Development of a Machine Learning Model Integrating Pathomics and Clinical Data to Predict Axillary Lymph Node Metastasis in Breast Cancer: A Two-Center Study
Background
Accurately assessing the status of axillary lymph nodes (ALNs) is essential for devising optimal surgical plans and making informed treatment decisions in breast cancer (BC) patients.
Aims
This study aims to develop an innovative nomogram based on pathomics to preoperatively predict ALN metastasis (ALNM) in BC.
Methods and Results
Our study performed a retrospective analysis on digital hematoxylin and eosin (H&E)-stained images obtained from 407 patients across two institutions who were allocated into a training cohort (TC; n = 203), an internal validation cohort (IVC; n = 136), and an external validation cohort (EVC; n = 68). Initially, the Mann–Whitney U-test and Spearman's rank correlation coefficient were utilized for feature selection, employing the least absolute shrinkage and selection operator (LASSO) regression for further refinement. For the evaluation of the predictive value of ALNM and other clinicopathological factors, we deployed both univariate (ULR) and multivariate (MLR) logistic regression analyses. Among the six machine learning (ML) algorithms, logistic regression, which demonstrated the highest area under the curve (AUC) value, was employed to establish the final nomogram model. The nomogram reliability and stability were assessed by analyzing the AUC of the receiver operating characteristic (ROC) curve, decision curve analysis (DCA), and calibration plots.
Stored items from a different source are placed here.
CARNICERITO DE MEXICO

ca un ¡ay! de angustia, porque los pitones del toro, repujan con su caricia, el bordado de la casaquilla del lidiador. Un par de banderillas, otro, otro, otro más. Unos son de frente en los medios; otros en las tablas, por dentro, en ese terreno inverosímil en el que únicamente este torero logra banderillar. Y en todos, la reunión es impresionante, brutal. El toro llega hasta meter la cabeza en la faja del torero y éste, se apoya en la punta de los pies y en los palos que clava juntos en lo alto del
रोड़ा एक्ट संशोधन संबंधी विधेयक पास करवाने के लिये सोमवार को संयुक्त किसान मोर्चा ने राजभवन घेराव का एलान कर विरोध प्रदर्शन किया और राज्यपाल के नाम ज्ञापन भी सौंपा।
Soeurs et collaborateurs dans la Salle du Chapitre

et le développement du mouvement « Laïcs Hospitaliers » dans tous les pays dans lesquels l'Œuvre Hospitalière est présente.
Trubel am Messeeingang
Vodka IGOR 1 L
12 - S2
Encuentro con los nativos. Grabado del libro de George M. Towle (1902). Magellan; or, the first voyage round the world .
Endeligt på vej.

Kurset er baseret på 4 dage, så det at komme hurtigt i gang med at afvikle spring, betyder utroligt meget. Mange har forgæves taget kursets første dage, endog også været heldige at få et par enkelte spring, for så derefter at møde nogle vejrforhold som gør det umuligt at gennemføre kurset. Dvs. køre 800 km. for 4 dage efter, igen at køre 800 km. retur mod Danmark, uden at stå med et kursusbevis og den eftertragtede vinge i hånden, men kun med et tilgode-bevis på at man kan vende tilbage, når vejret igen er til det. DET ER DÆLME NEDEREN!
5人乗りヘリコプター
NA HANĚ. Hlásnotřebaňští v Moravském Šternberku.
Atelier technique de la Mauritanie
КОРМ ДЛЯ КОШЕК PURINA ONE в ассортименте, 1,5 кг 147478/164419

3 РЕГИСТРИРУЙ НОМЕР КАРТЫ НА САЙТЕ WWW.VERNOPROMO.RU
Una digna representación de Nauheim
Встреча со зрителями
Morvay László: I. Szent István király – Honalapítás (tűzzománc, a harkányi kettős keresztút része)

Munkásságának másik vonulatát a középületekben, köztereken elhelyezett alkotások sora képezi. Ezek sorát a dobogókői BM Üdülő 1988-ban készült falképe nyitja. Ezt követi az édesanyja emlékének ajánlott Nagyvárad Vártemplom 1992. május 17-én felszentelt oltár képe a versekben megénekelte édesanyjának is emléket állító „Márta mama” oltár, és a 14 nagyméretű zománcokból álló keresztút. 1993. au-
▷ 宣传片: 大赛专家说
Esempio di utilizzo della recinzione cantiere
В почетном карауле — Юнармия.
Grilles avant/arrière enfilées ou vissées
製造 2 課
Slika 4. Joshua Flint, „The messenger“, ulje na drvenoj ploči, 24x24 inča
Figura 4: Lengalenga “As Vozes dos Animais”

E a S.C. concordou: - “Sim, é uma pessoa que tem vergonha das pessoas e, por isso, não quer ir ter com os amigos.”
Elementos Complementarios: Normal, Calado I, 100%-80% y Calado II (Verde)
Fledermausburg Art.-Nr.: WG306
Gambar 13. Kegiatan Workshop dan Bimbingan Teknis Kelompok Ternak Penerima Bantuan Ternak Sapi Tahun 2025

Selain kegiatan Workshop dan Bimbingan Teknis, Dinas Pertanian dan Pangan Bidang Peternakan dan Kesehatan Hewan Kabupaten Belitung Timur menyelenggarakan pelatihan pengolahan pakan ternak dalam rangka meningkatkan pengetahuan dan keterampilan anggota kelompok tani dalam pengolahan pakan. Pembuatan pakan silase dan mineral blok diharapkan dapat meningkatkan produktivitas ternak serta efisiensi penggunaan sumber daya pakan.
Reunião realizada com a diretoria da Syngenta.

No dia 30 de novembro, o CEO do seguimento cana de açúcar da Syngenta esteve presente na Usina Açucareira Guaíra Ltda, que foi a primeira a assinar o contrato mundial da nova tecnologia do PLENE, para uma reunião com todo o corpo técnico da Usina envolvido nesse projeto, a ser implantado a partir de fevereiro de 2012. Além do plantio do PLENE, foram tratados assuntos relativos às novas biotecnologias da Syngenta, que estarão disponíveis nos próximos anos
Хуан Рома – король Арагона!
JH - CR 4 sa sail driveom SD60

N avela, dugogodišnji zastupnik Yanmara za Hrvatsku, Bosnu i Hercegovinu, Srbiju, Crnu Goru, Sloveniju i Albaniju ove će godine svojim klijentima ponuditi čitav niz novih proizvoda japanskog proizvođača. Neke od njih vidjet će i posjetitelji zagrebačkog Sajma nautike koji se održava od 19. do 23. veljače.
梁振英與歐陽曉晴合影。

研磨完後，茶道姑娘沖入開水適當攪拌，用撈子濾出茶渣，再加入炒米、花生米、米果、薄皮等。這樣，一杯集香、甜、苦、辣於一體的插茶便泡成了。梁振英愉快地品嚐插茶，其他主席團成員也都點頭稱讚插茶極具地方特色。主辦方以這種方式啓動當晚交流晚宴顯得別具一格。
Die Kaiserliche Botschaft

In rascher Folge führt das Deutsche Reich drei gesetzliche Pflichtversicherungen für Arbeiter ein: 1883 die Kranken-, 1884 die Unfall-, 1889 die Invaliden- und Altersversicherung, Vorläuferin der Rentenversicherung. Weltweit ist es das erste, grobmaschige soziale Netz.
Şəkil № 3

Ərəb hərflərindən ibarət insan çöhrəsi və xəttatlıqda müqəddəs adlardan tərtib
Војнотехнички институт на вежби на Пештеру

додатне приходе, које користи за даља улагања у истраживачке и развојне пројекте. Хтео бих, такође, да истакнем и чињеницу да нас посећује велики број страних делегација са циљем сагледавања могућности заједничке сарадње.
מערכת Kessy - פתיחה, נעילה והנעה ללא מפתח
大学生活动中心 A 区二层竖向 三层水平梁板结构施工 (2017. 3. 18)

MLR analysis demonstrated estrogen receptor (ER), human epidermal growth factor receptor 2 (HER2), tumor size, and pathomics features as independent ALNM predictors. The nomogram demonstrated that the AUC in the IVC (0.783) surpassed that of the Path-score model (0.698) (DeLong test, p = 0.008558). Similarly, in the EVC, the nomogram surpassed the clinical model regarding AUC (0.738 vs. 0.574; DeLong test, p = 0.00494). Additionally, DCA analysis indicated a net clinical benefit associated with the nomogram.
Conclusion
Our study demonstrates the effectiveness of pathomics features in predicting ALNM in BC patients. Furthermore, the pathomics-based nomogram offers a valuable tool for personalized treatment planning in this patient population.